Ent is a command line utility which can take data streams from the standard-in (Stdin), arbitrary data via pipes and/or files which have to be passed as the first parameters. Ent analyzes these and does so by calculating the individual file's data metrics. It then plots the accumulative metrics which are yielded by sequential concatenation of the data (e.g. the files, hence file order in the console parameters matters).

Ent with a text file containing ASCII graphics. regions with text and those with graphics can be discerned.

Ent using several files. The plot encompasses the accumulative data.


When no parameters are passed or '-h' or '?' the following command line usage will be displayed


╬===================================================================╬
| Ent v09/2011 Entropy calculator & string metrics; lsauer - univie |
╬===================================================================╬


Usage: shantropy [<filename1> <filename2>...first params!] [-o <outfile>] [-h he
lp]
[-e efficiency] [-m 1,2.. 1st,2nd order markov] [-b base-alphabet]
[-w width plot] [-h height plot] [-s <string> as last param!]



Parameters:
-e plot the efficiency of the data
-w <int> sets the width of the plot
-h <int> sets the height of the plot
-o outfilename ...will plot data to a given file and create or append to the file
use '>' myfilename.out to capture the entire stdout
-e ...plot the efficiency
-m 1/n.. first / n order markov source (int: n...number of linked characters)
-b <decimal> - "b-ary entropy", choose a different base, default is 256 for ASCII; use 64 for text

The most up to date information on usage is best accessed via the program's source header:
https://github.com/lsauer/entropy/blob/master/shantropy/Main.cs

Usage examples:

  • ent explain.nfo markdownsharp-20100703-v113.7z -b 3,6
  • cat myfile | grep '\d+.+?\d' | ent  -b 2.15 -s
  • ent .\json_testfiles.tar .\cc_by_sa.png .\vmdscene.bmp -e -w 80 -h 12 -m 1
  • ent json_testfiles.tar cc_by_sa.png vmdscene.bmp -e -w 80 -h 12 -m 1


About:

The purpose for this command line tools was to quickly analyze sequence files as well as serialized JSON data (at the time of writing the application). Since the command line along with autocompletion (by pressing Tab) is often times faster than graphical tools and has virtually no startup times, it is my preferred choice for analyzing data.
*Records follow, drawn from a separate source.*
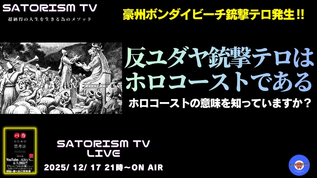 ■有料会員制 動画チャンネル「SATORISM GOLDEN TV」<br>特別動画配信中!<br>入会はコチラ <a href="https://nicochannel.jp/satorism-premium/welcome" target="_blank" rel="noopener nofollow">https://nicochannel.jp/satorism-premium/welcome</a><br><br>■有料会員様でログインできない等の不具合がある会員様へ<br>ドワンゴ苦情窓口はコチラ <a href="https://help.nicochannel.jp/hc/ja/requests/new?ticket_form_id=4414714831513" target="_blank" rel="noopener nofollow">https://help.nicochannel.jp/hc/ja/requests/new?ticket_form_id=4414714831513</a><br><br>■ANGLE磁気ネックレス 公式オンラインショップ<br><a href="https://c.affitch.com/?ref=PM9XTQJ6QGME" target="_blank" rel="noopener nofollow">https://c.affitch.com/?ref=PM9XTQJ6QGME</a><br><br>■合法アドレノクロム説明会をご希望の方 <a href="https://satorism-tv.com/home/contact/" target="_blank" rel="noopener nofollow">https://satorism-tv.com/home/contact/</a><br><br>■イベント情報<br>NEW!!2025年12月27日(土)サトリズム歴史考察『広島長崎の9.11』in松江市<br>チケット予約はコチラ <a href="https://satorism1127.peatix.com" target="_blank" rel="noopener nofollow">https://satorism1127.peatix.com</a><br><br>NEW!!2025年12月28日(日)サトリズム歴史考察『広島長崎の9.11』in広島市<br>チケット予約はコチラ <a href="https://satorism1128.peatix.com" target="_blank" rel="noopener nofollow">https://satorism1128.peatix.com</a><br><br>NEW!!2025年12月29日(月)サトリズム歴史考察『広島長崎の9.11』in松山市<br>チケット予約はコチラ <a href="https://satorism1229.peatix.com" target="_blank" rel="noopener nofollow">https://satorism1229.peatix.com</a><br><br>NEW!!2025年12月21日(日)サトリズム歴史考察『悪魔のシナゴーグ』in新大阪<br>チケット予約はコチラ <a href="https://peatix.com/event/4650856" target="_blank" rel="noopener nofollow">https://peatix.com/event/4650856</a><br>※合法アドレノクロム会員は入場無料!要予約<br><br>NEW!!2026年1月12日(祝)博士とサトリズムの近未来講座in大阪<br><br>講演会チケットはコチラ <a href="https://seminar20260112.peatix.com/" target="_blank" rel="noopener nofollow">https://seminar20260112.peatix.com/</a><br><br>懇親会チケットはコチラ <a href="https://party20260112.peatix.com/" target="_blank" rel="noopener nofollow">https://party20260112.peatix.com/</a>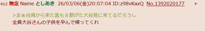 | … | 182無念Nameとしあき26/03/07(土)09:03:41No.1392130162+普段は野球なんて興味ないうちのオヤジもオータニオータニ言ってて怖い |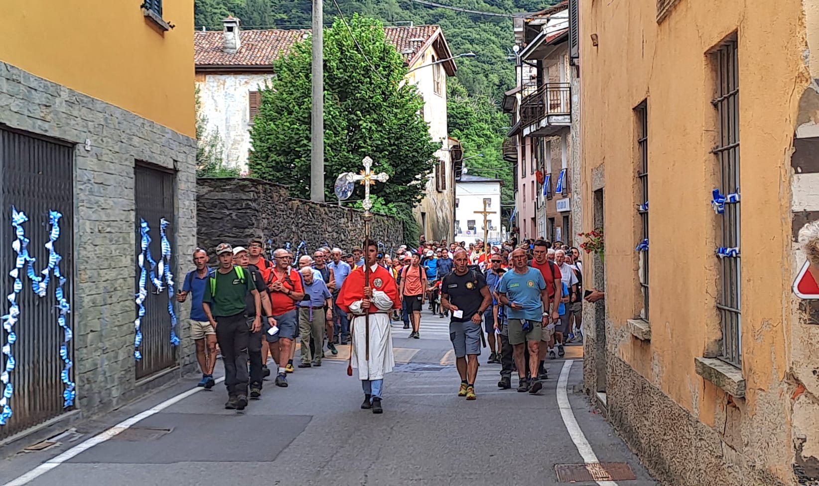 Anche ieri è stato rispettato lo storico programma. Alle 05.30 la celebrazione delle lodi in chiesa parrocchiale. Da lì è partita la lunga processione, che superate le strette vie del centro storico, si è incamminata in preghiera sulla strada verso la Val Biandino.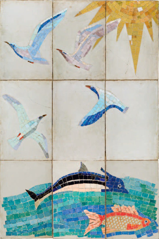 Кроме того, в 1964г. было создано мозаичное панно 2х2м по эскизу 1939г. (для оформления станции метро «Маяковская»), основной сюжет которого повторяет не реализованные в натуре эскизы для оформления фасада санатория министров СССР г.Сочи
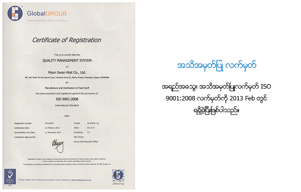 မိရိုးဖလာနည္းမ်ားၿဖင့္ ငါးေမြးၿမဴေနေသာ ေမြးၿမဴသူမ်ားကို ေခတ္မွီစက္သစ္ၾကီးမ်ားၿဖင့္ ထုတ္လုပ္ကာ သိပံၸၸၸနည္းက် ေဖာ္ၿမဴလာမ်ားၿဖင့္ ေဖာ္စပ္ထားၿပီး လိုအပ္ေသာ ဗီတာမင္၊ သတၲဳဓါတ္မ်ားၿဖင့္ထည့္သြင္းထားေသာ ေမြးၿမဴေရးငါး၊ ပုစြန္ အစာေတာင့္မ်ားကို ေကၽြးေမြးၿခင္းၿဖင့္ ရရွိမည့္အက်ိဳးအျမတ္ကို တြက္ခ်က္ေျပာျပ စည္းရံုးၿပီး ေမြးျမဴေရးငါးအစာေတာင့္ကို စတင္အသံုးျပဳလာေအာင္ ကနဦးမိတ္ဆက္ေပးခဲ့ေသာ ကုမၸဏီီျဖစ္ပါသည္။

The tool was written in C#, and comes with cross-platform build files along with project files for Monodevelop.
Ent runs on Linux, MaxOS, Android and Windows.
See Mono for more information.

Notes:
The code is in disarray and will likely be rewritten, after feature completeness is reached. Consider the tool an early alpha build, far from the intended feature set. In bioinformatics many situations arise in which the command line is a very powerful and helpful way of quickly interacting with data, without the need of getting to know complex user interfaces with unfamiliar design.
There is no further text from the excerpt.